Currently, both the European Neuroendocrine Tumor Society and the Chinese Society of Clinical Oncology recommend similar therapeutic approaches for G1 RNETs and G2 RNETs.⁷ Additionally, the scarcity of G2 RNETs has led most studies to analyze G1 RNETs and G2 RNETs together, which might underestimate the risk of metastasis and poor prognosis in G2 RNETs. Therefore, a more precise characterization of this subgroup is imperative for guiding appropriate therapy.

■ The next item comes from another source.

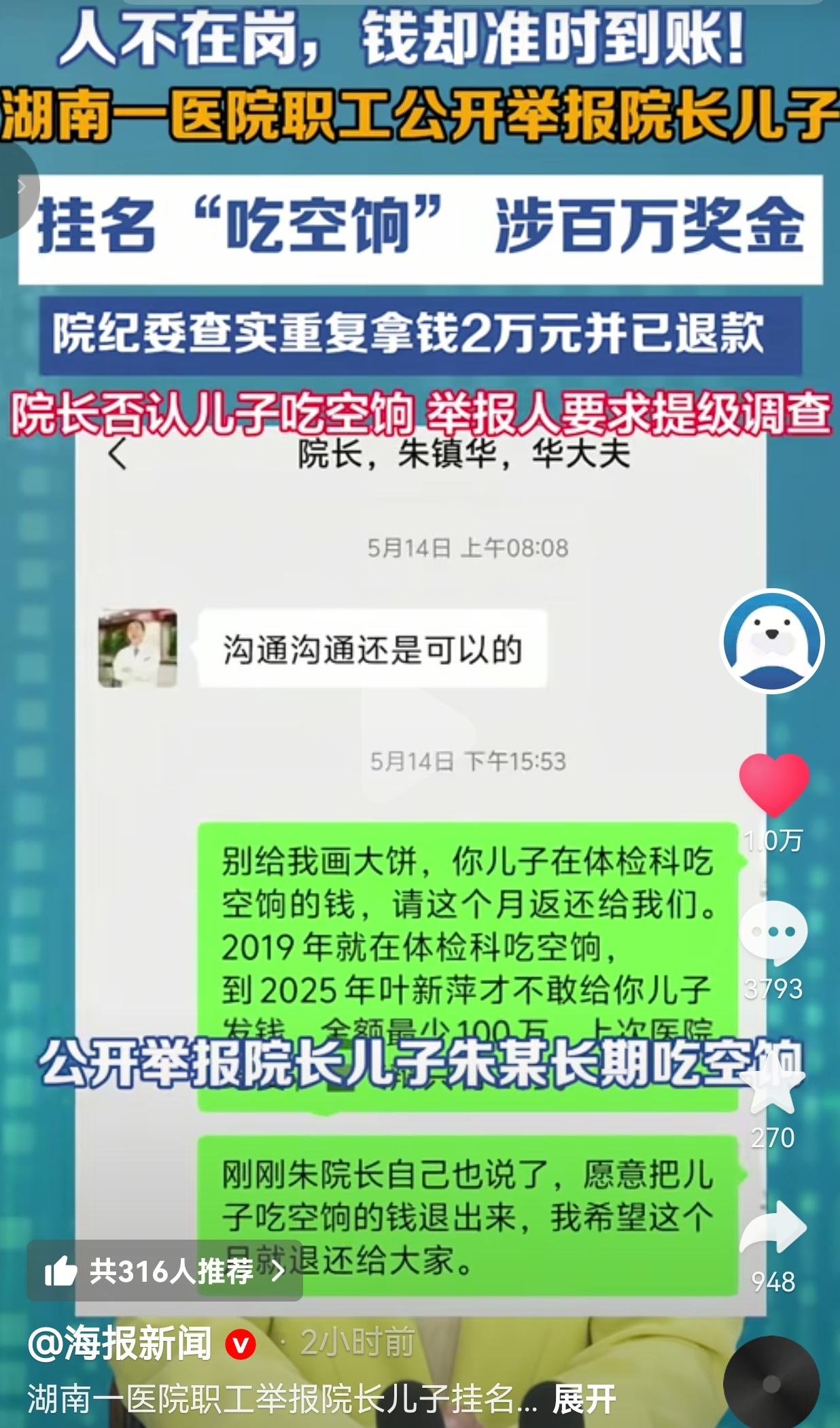 人不在岗,工资奖金照拿不误?湖南这家医院“吃空饷”,真让人火大 谁能想到,从2019年到现在,整整6年时间,有人编制挂在科室,人却常年不在岗,可工资、奖金、各项福利照样一分不少领到手,举报人粗略估算,涉及金额甚至可能超百万。 这事就发生在湖南中医药大学第一附属医院,院内职工陈女士,直接实名举报院长朱镇华的儿子朱某,长期挂名“吃空饷”。 据陈女士反映,朱某的编制明明落在医院健康管理科,可自打入职以来,他压根没在这个科室上过一天班,长期被借调去其他科室工作。 但这6年里,健康管理科的季度奖金、节日福利、各类补贴,他全都照单全收,从来没落下过。 看着这种不公之事,身为老职工的陈女士实在忍无可忍,直接找到院长朱镇华当面讨要说法,可对方只是轻飘飘回了一句“沟通沟通还是可以的”,完全没把这事放在心上。 陈女士压根不吃这种敷衍的态度,当场在微信里放话:“别给我画大饼,你儿子在体检科吃空饷的钱,请这个月返还给我们!” 更让人觉得心寒又震惊的是,此前陈女士同样实名举报该科室主任,称其巨额财产来源不明,涉事主任很快就被停职处理。 可轮到院长儿子这件事,院纪委介入调查后,最初只认定朱某存在2万元重复拿钱的问题,且钱款已退还,之后便再无任何后续进展。 直到舆论迅速发酵、学校调查组介入,才将金额更正为借调期间重复发放绩效奖金8.4万元,并要求退还,但截至目前,医院依旧没有发布完整的官方通报。 对于这样的处理结果,陈女士完全不认可,她始终坚持要求省纪委介入,彻查这6年来的全部资金流水;而院长朱镇华,却一口否认了儿子“吃空饷”的说法,双方各执一词。 网友看到后评论说: “好家伙,儿子挂个名就能安安稳稳领6年钱,普通职工累死累活拼业绩还动不动被扣钱,这区别对待也太明显了!” 也有的网友说:“一开始查半天就查出2万,没过多久又变成8.4万,那6年里到底还有没有没查清的钱?这调查也太糊弄人了!” 还有的网友说:“举报科室主任立马就停职,到了院长儿子这就大事化小,同样是实名举报,处理标准也太双标了!” 更有网友表示: “医院的每一分钱都是患者的救命钱、纳税人的血汗钱,凭什么用来养这种不干活的关系户?太过分了!” 说句实在的,看完整件事,我心里的火气压根压不住。 最让人窝火的,从来不是简单的重复拿钱这件事,而是这种明目张胆的特权做派,还有双标到极致的处理方式,实在让人难以接受。 普通医护职工,偶尔迟到早退要扣钱,工作业绩稍不达标就要被约谈问责;科室主任被举报,立马依规停职接受调查。 可轮到院长儿子,人不在岗整整6年,躺着拿钱拿到手软,最初调查只揪出2万的小问题,典型的“罚酒三杯”,后续才勉强更正为8.4万。 这6年间,到底还有没有其他未查清的补贴、福利,从头到尾都没人给公众一个明确说法。 其实陈女士执意举报,要的从来不是自己分得一分钱,她要的只是一个公平,一个普通人在职场里、在规则面前该有的公道。 可现实却让人无奈,这份本该人人平等的公道,在权力面前,竟显得如此微不足道。 医院是救死扶伤的净土,是老百姓掏出血汗钱寻求生机的地方,这里的每一分钱,都该用在患者救治上、用在坚守岗位的医护人员身上。 可偏偏被这种挂名不干活的关系户侵占,不仅寒了所有踏实干活医护人员的心,更伤了万千患者对医院的信任。 更让人后怕的是,如果这件事最后就以“退还钱款”草草了事,那以后还有谁敢站出来实名举报不公之事?谁还能相信调查能做到一碗水端平?当规则只用来约束无权无势的普通人,对有关系有背景的人一路开绿灯,这才是最让人心寒绝望的事。 我始终坚信,制定规则的意义,就是让所有人都能站在平等的起跑线上,不分身份、不看背景。如果规则只用来捆绑弱者,却对特权百般纵容,那再完善的制度,也不过是一张毫无用处的废纸。 真心希望相关部门能彻查到底,给执着维权的陈女士一个彻底公正的结果,也给所有被寒了心的普通人,一个实实在在的交代。 别让少数“吃空饷”的蛀虫,一点点啃食掉大家对公平正义的最后期待。 对事严一点,对特权零容忍,才是真正的公道。 信息来源:海报新闻

In this study, we used data from a large multicenter database of 17 Chinese large-scale medical centers to elucidate the clinicopathologic features and prognostic factors of G2 RNETs and suggest a reasonable selection mode of resection type for these patients.

MATERIALS AND METHODS

Patients and Data Collection

This study retrospectively reviewed the data of patients diagnosed with G2 RNETs at 17 large-scale medical centers in China between January 1, 2010, and April 30, 2022. Demographic, clinicopathologic, treatment, and outcome data were extracted from the electronic medical records of each hospital by surveyors with expertise in NETs, using standardized data collection templates. The inclusion criteria were as follows: (1) confirmation of NETs by pathology, (2) tumor grade of G2, and (3) primary RNETs. The exclusion criteria were as follows: (1) comorbidity with other malignancies and (2) incomplete clinical data or follow-up information. Of 1459 patients, 144 met the inclusion criteria and were enrolled in this study. The procedure for identifying eligible patients is shown in Figure 1. Our work was approved by the Ethics Committees of all 17 participating centers. At the last follow-up, we informed the living patients about the study in detail and obtained their signed informed consent. For patients who were not alive at the time of the study, we contacted their immediate family members, explained the study in detail, and obtained their signed informed consent.

FIGURE 1. — Patient selection flow chart. LE = local excision; MANEC = mixed adeno-neuroendocrine carcinoma; NEC = neuroendocrine carcinoma; NEN = neuroendocrine neoplasm; NET = neuroendocrine tumor; PSM = propensity score matching; RR = radical resection.

Criteria

Tumor size was determined on the basis of the longest diameter of the tumor as recorded in the pathologic reports. In cases where only biopsy was performed, tumor size was determined on the basis of endoscopic findings before treatment. For patients who underwent palliative surgery, tumor size was assessed on the basis of the imaging report.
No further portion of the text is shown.